Calcola il volume del tumore e disegna la curva di crescita del tumore. Quindi, usando le forbici, tagliare la pelle di topo eutanasia che circonda il tumore. Rimuovere il tumore con una pinza e metterlo in una capsula di Petri.
Eseguire il trapianto di tumore fino alla quinta generazione di topi, come precedentemente dimostrato. Selezionare il tessuto tumorale di un topo modello ATC PDX di generazione P5. Taglialo in due o quattro pezzi di millimetri cubi.
Inoculare questi pezzi per via sottocutanea come precedentemente dimostrato, sul dorso destro di un topo BALB / c femmina nudo da quattro a sei settimane. Quando il tumore cresce da 50 a 150 millimetri cubici, dividere i topi in tre gruppi. Dopo aver somministrato lenvatinib, cisplatino e controllo due volte a settimana, misurare il peso corporeo del topo.
Inoltre, misurare il volume del tumore. L'analisi di correlazione mostra che il tasso di successo della costruzione del modello ATC PDX non dipendeva dall'età, dal sesso, dal diametro del tumore, dal grado tumorale e dalla differenziazione.
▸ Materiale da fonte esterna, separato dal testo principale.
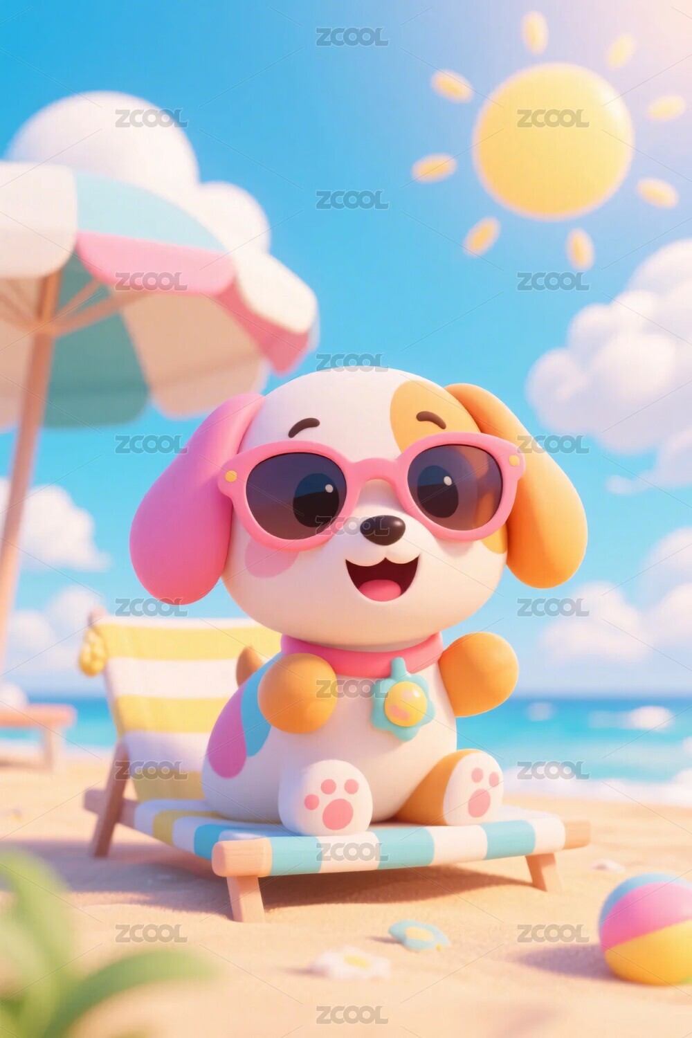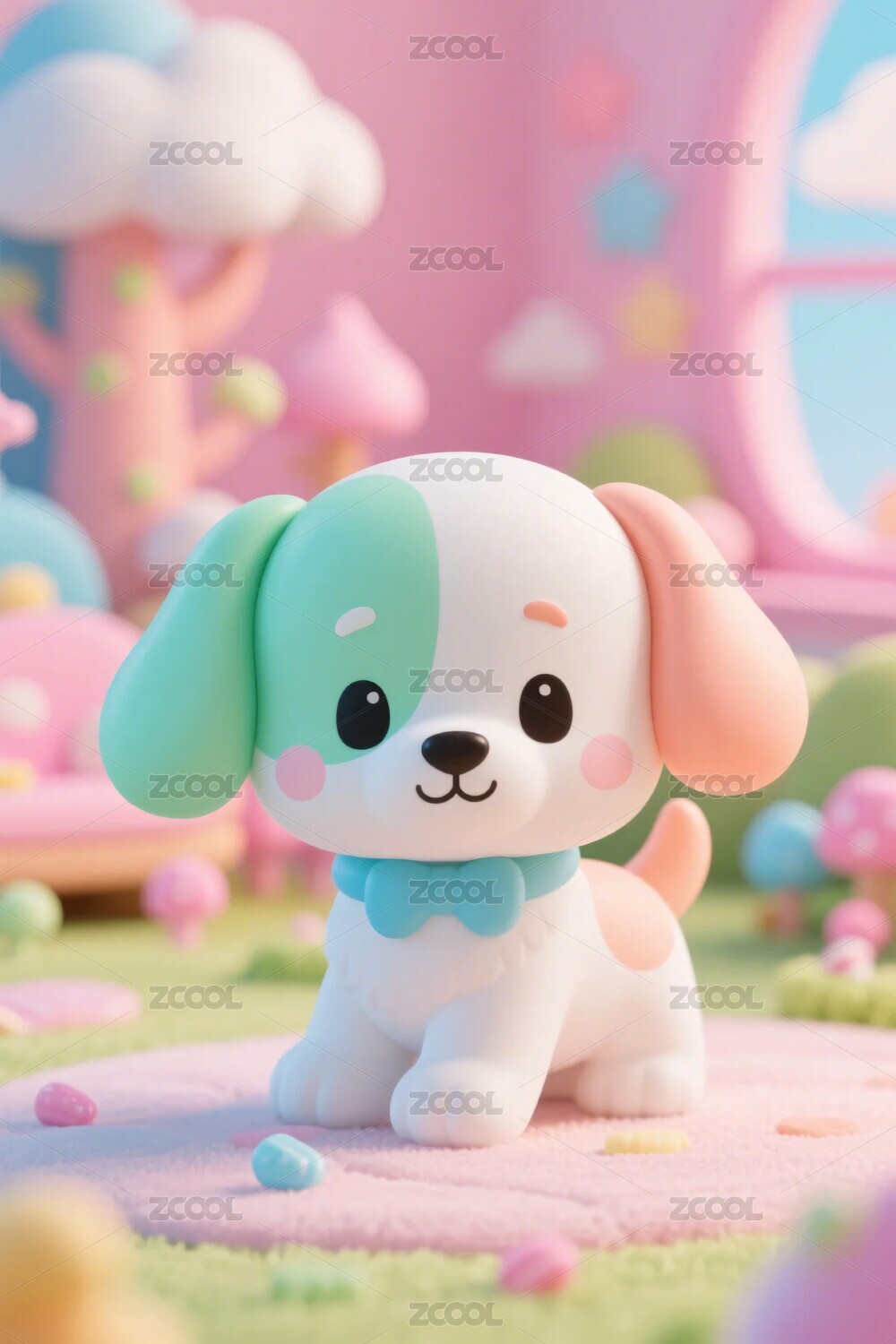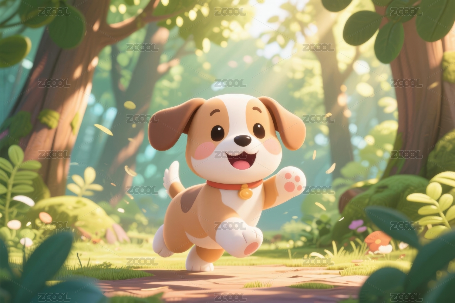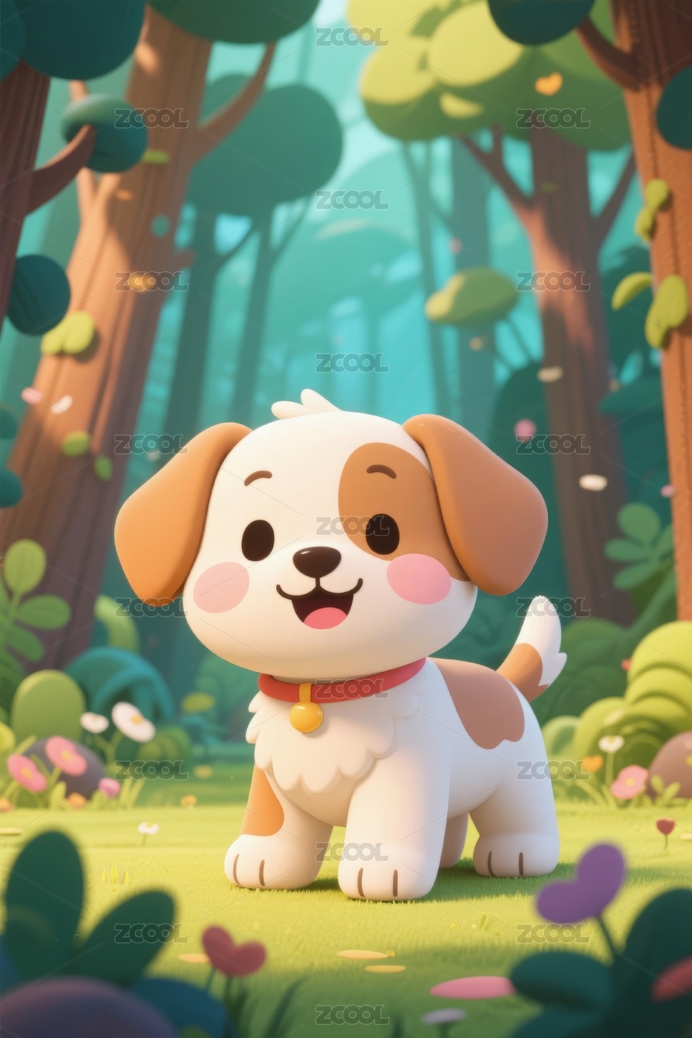 白天晴天绿色原野的宠物狗3D立体卡通插画

Il tasso di prelievo del tumore nella costruzione del modello HNSCC PDX ha dimostrato che il grado di differenziazione era associato al tasso di successo del modello, mentre gli altri parametri non influenzavano il tasso di prelievo del tumore.
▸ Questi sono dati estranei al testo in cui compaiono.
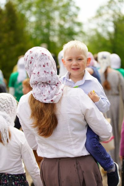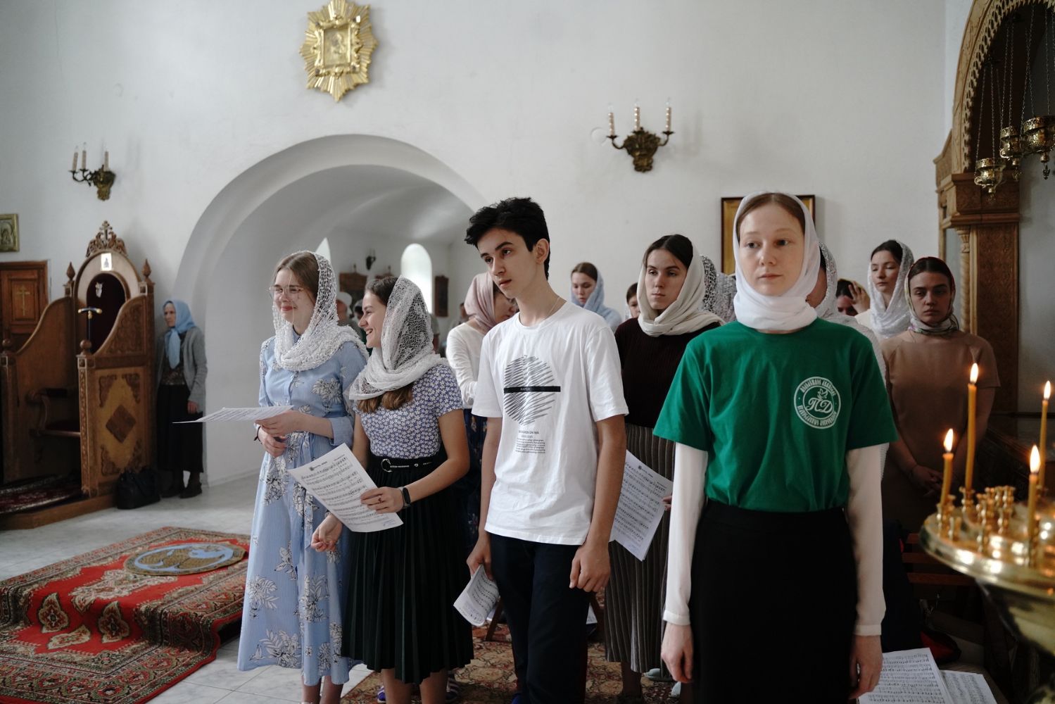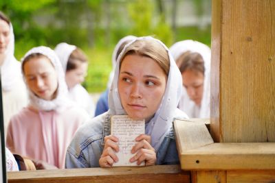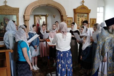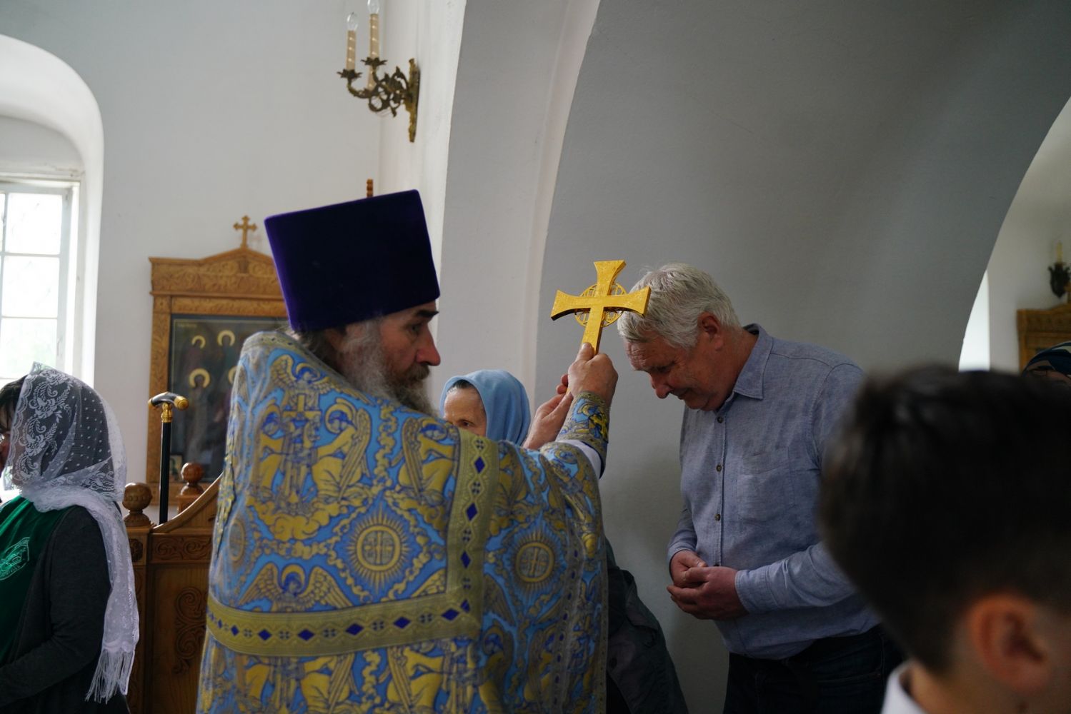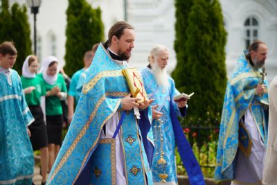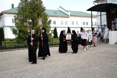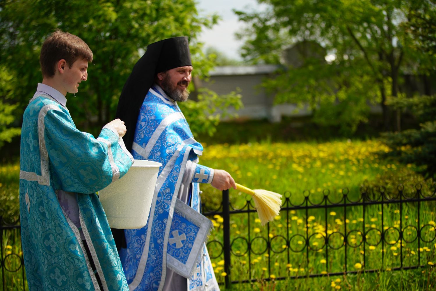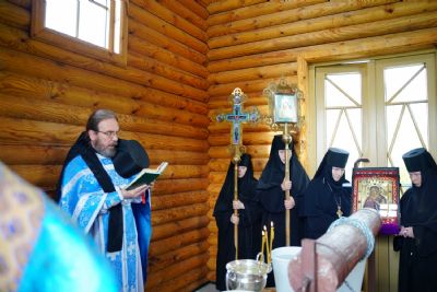 После Литургии верующие прошли крестным ходом к часовне святого Иоанна Предтечи на территории обители, где иеромонах Серафим совершил чин малого освящения воды и щедро окропил собравшихся.

Le curve di crescita tumorale per ciascun modello PDX hanno illustrato che i campioni ATC sono stati stabilmente passati alla generazione P3, mentre due casi di campioni HNSCC non sono riusciti a formare tumori dopo essere passati alla generazione P1. Il tasso di crescita tumorale della generazione P0 per la maggior parte dei modelli PDX è stato relativamente più lento rispetto ai passaggi successivi, probabilmente a causa dell'adattamento del microambiente murino. L'esame istopatologico ha dimostrato che i tumori PDX mantengono le caratteristiche morfologiche dei tumori primitivi.
Il trattamento con lenvatinib ha inibito significativamente la crescita tumorale e ha mostrato un peso tumorale inferiore nel modello ATC PDX rispetto al gruppo di controllo. Inoltre, i topi trattati con lenvatinib non hanno mostrato cambiamenti visibili nel loro peso complessivo. L'eccessivo dosaggio di cisplatino ha provocato una tossicità significativa, come evidenziato dalla perdita di peso e persino dalla morte.
I tumori freschi devono essere lavati più volte con soluzione salina normale prima di essere tagliati a pezzi. La miscelazione mediante campioni tumorali sottoposti a biopsia e inocularli causerà probabilmente la formazione di tumori. Questo modello può essere utilizzato per la ricerca sulla biologia tumorale, lo screening farmacologico, la terapia personalizzata.